Infraveil's agent owns the deploy sequence on your own servers: it brings up the new instance, waits for health, drains the old one, and only then stops it — so requests aren't severed mid-flight. The whole rollout is approval-gated and recorded, with one-click rollback. You get zero-drop deploys without hand-writing the readiness-flip-and-drain dance for every service.

Old instances drain before they're stopped — requests finish cleanly
Health-gated cutover so traffic never hits an unready instance
Every deploy approval-gated and recorded, with one-click rollback

Frequently asked questions

Why does my app drop requests on deploy?

Because the old process was stopped while still serving traffic.
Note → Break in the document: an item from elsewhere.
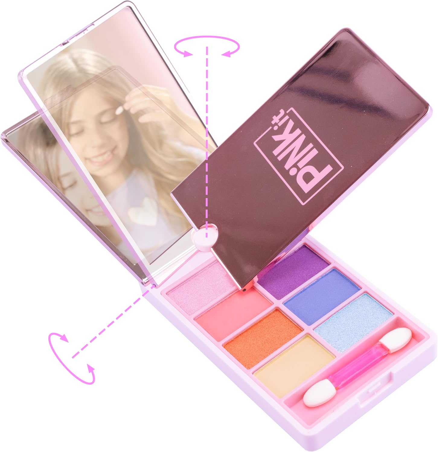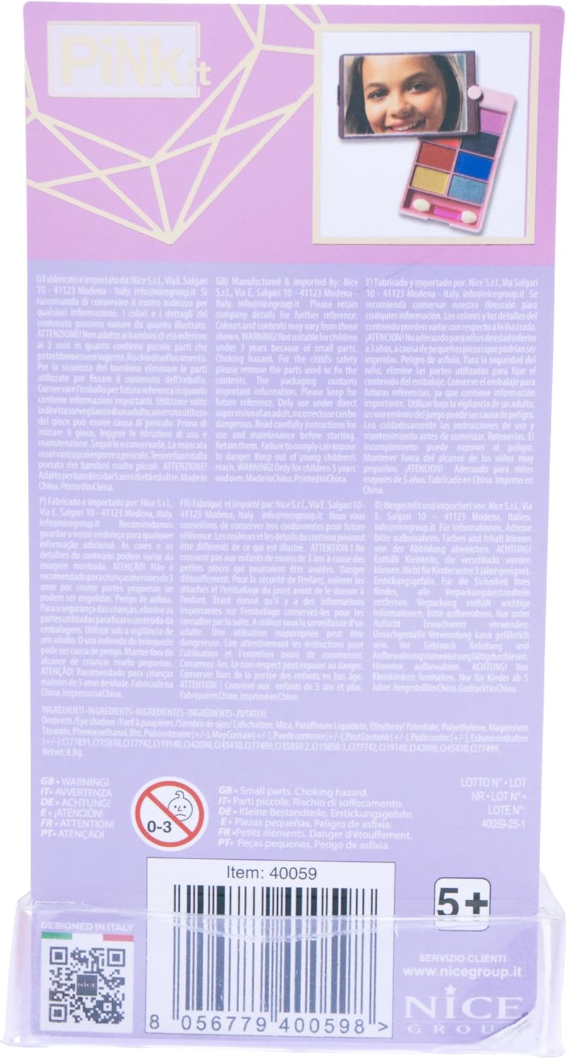 PINK IT MINI MIRROR PORTFOLIO: simpatica trousse ad astuccio a forma di smartphone con vassoio di colore rosa, specchio e kit di trucchi con ombretti per bambine. CARATTERISTICHE: il set da trucco per bambini è realizzato con materiali sicuri, testati, atossici, senza parabeni e risultano facilmente rimuovibili dalla pelle con l’uso dell’acqua e di detergente delicato. USO: il Mini Mirror Portfolio aiuta a stimolare la manualità, la coordinazione e le capacità di immaginazione di ogni bambino e bambina che vuole sentirsi da favola, senza porre limiti alla fantasia nella creazione di look alla moda adatti ad ogni occasione di festa. DIMENSIONI: L 7 cm x A 11,8 cm x P 1,5 cm. Grazie alla forma compatta, si può portare sempre con sé in borsa. Prodotto Originale PINK It by Nice Group. CONTENUTO: 8 ombretti, 1 applicatori. Età consigliata: 5+
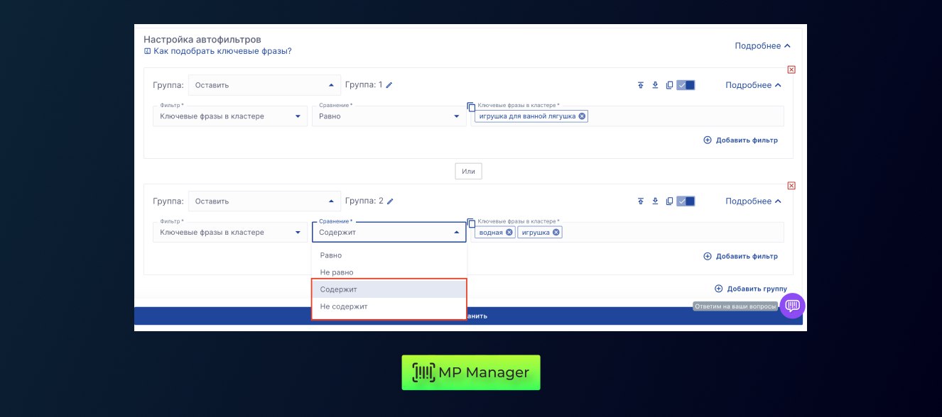**✔️ С фильтром «содержит» **стабильнее будет работать вариант «оставить». **Рекомендуем использовать такое сочетание с фильтром:

Either it didn't handle SIGTERM, or it didn't drain in-flight requests before exiting, so the platform's forced kill cut them off.

What is connection draining?

Letting an instance finish the requests it's already handling before it shuts down, while no longer accepting new ones. It's the core of a graceful, zero-drop deploy.

What's a readiness flip?

Marking an instance "not ready" so the load balancer stops routing new requests to it — done first, before shutdown, so traffic moves away before the process stops.

How long should the drain timeout be?

Slightly longer than your slowest normal request, but shorter than the platform's kill grace period (often 30s). Force-exit at that point so you control shutdown rather than getting SIGKILLed mid-request.